→ **Collected material**:
§
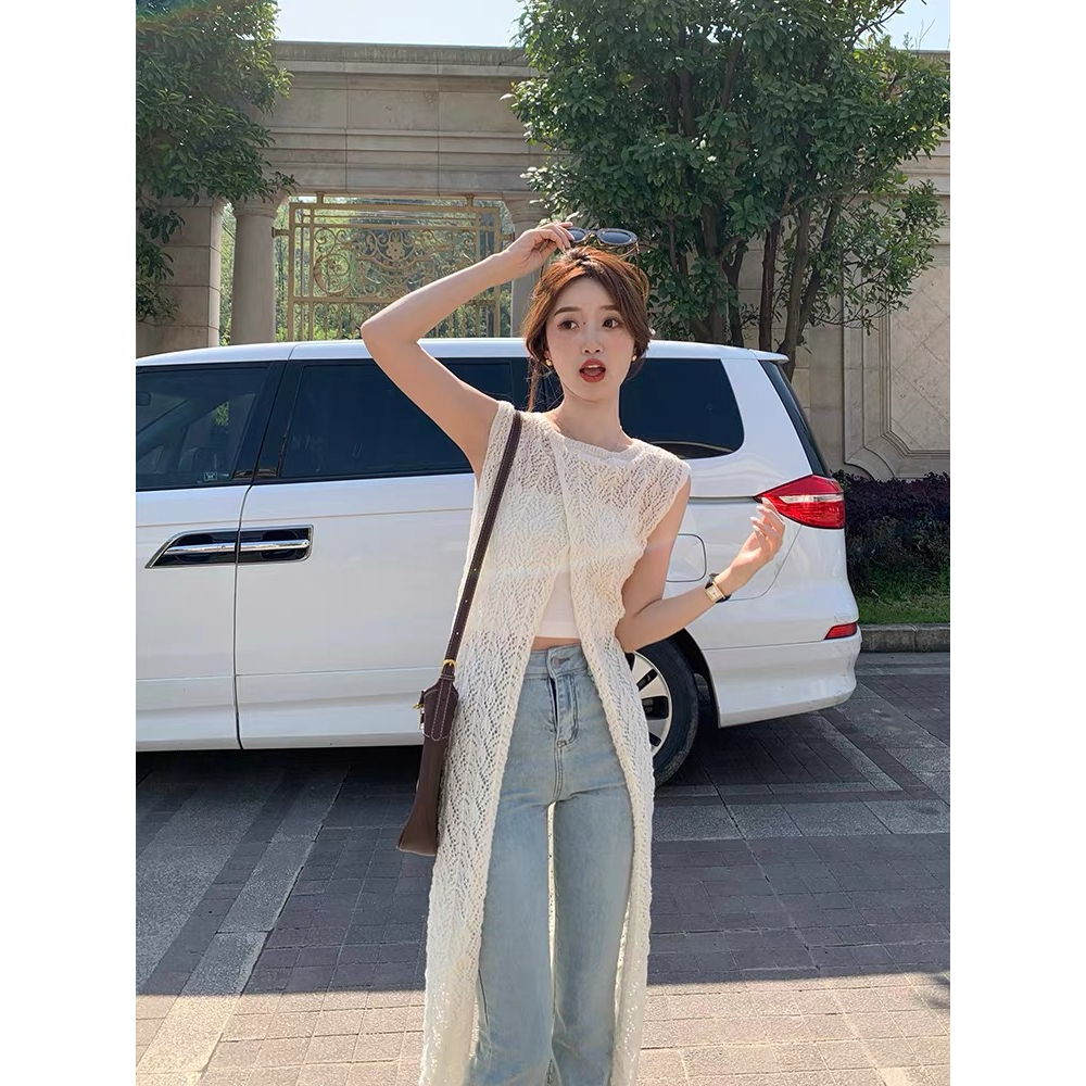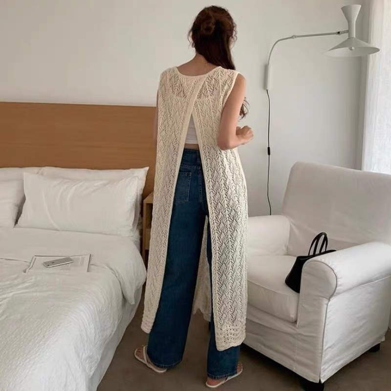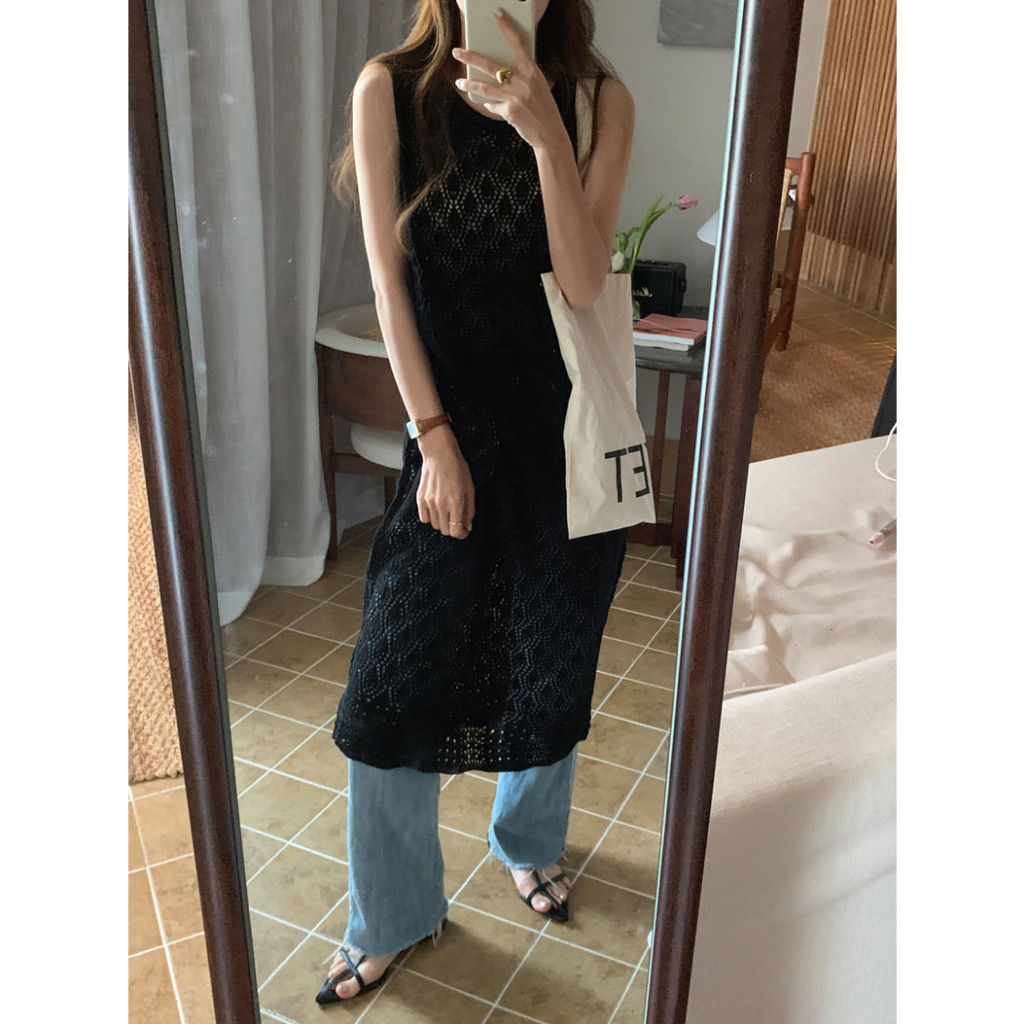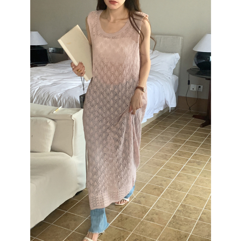 Cicishop(Z1167)ชุดคลุมไหมพรมซีทรู แขนกุด ดีเทลใส่ได้2ด้าน สไตล์น่ารักเบาๆ
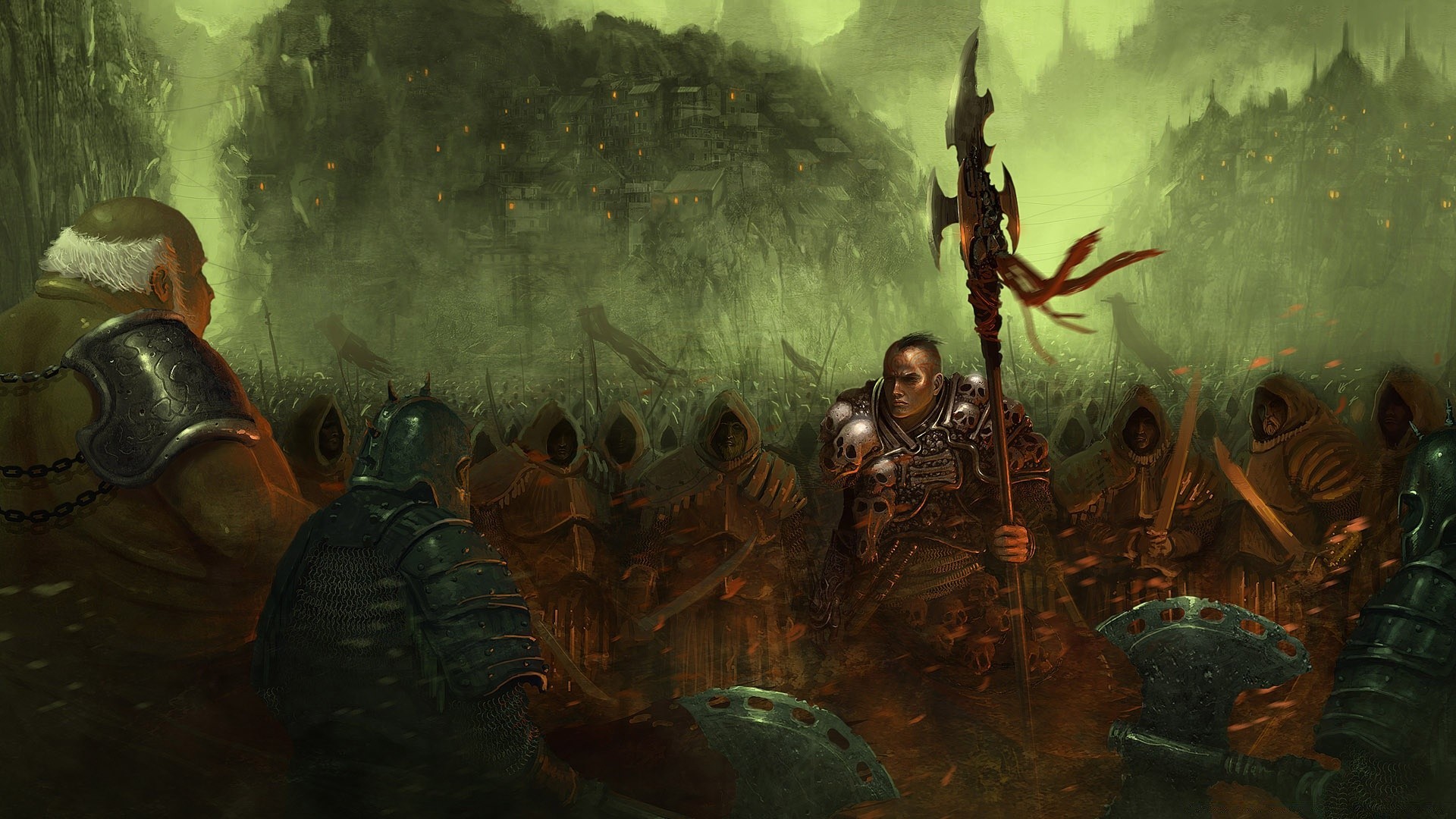 Zwei Soldaten im Kampf mit einem bewaffneten Monster
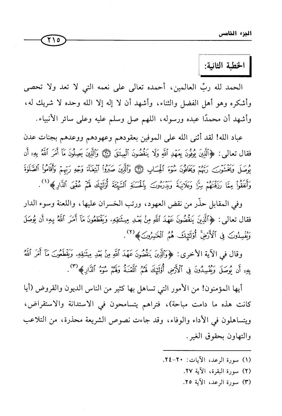 عباد الله! لقد أثنى الله على الموفين بعقودهم وعهودهم ووعدهم بجنات عدن فقال تعالى: {الذين يوفون بعهد الله ولا ينقضون الميثاق * والذين يصلون ما أمر الله به أن يوصل ويخشون ربهم ويخافون سوء الحساب * والذين صبروا ابتغاء وجه ربهم وأقاموا الصلاة وأنفقوا مما رزقناهم سرا وعلانية ويدرأون بالحسنة السيئة أولئك لهم عقبى الدار} (¬1).
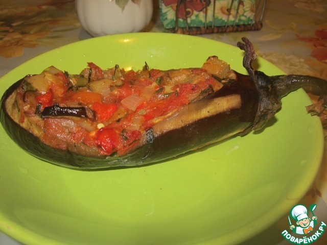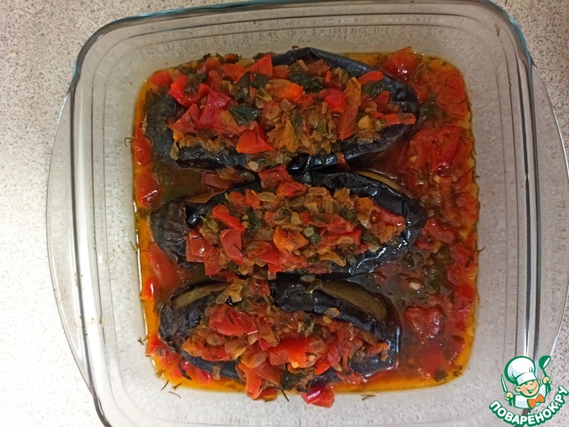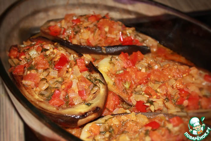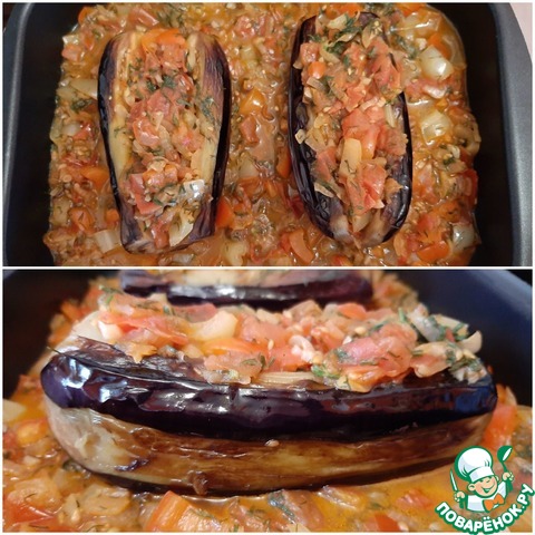 В карманы баклажан закладываем половину начинки. На дно жаропрочной посуды выкладываем вторую половину начинки, сверху фаршированные баклажаны, накрываем крышкой или фольгой и ставим в разогретую до 180 градусов духовку минут на 30-40.
§
→ **Work to be completed**:
The answer should be an exact copy of the material, with its pictures removed.

→ **Expected output**:
 Cicishop(Z1167)ชุดคลุมไหมพรมซีทรู แขนกุด ดีเทลใส่ได้2ด้าน สไตล์น่ารักเบาๆ
 Zwei Soldaten im Kampf mit einem bewaffneten Monster
 عباد الله! لقد أثنى الله على الموفين بعقودهم وعهودهم ووعدهم بجنات عدن فقال تعالى: {الذين يوفون بعهد الله ولا ينقضون الميثاق * والذين يصلون ما أمر الله به أن يوصل ويخشون ربهم ويخافون سوء الحساب * والذين صبروا ابتغاء وجه ربهم وأقاموا الصلاة وأنفقوا مما رزقناهم سرا وعلانية ويدرأون بالحسنة السيئة أولئك لهم عقبى الدار} (¬1).
 В карманы баклажан закладываем половину начинки. На дно жаропрочной посуды выкладываем вторую половину начинки, сверху фаршированные баклажаны, накрываем крышкой или фольгой и ставим в разогретую до 180 градусов духовку минут на 30-40.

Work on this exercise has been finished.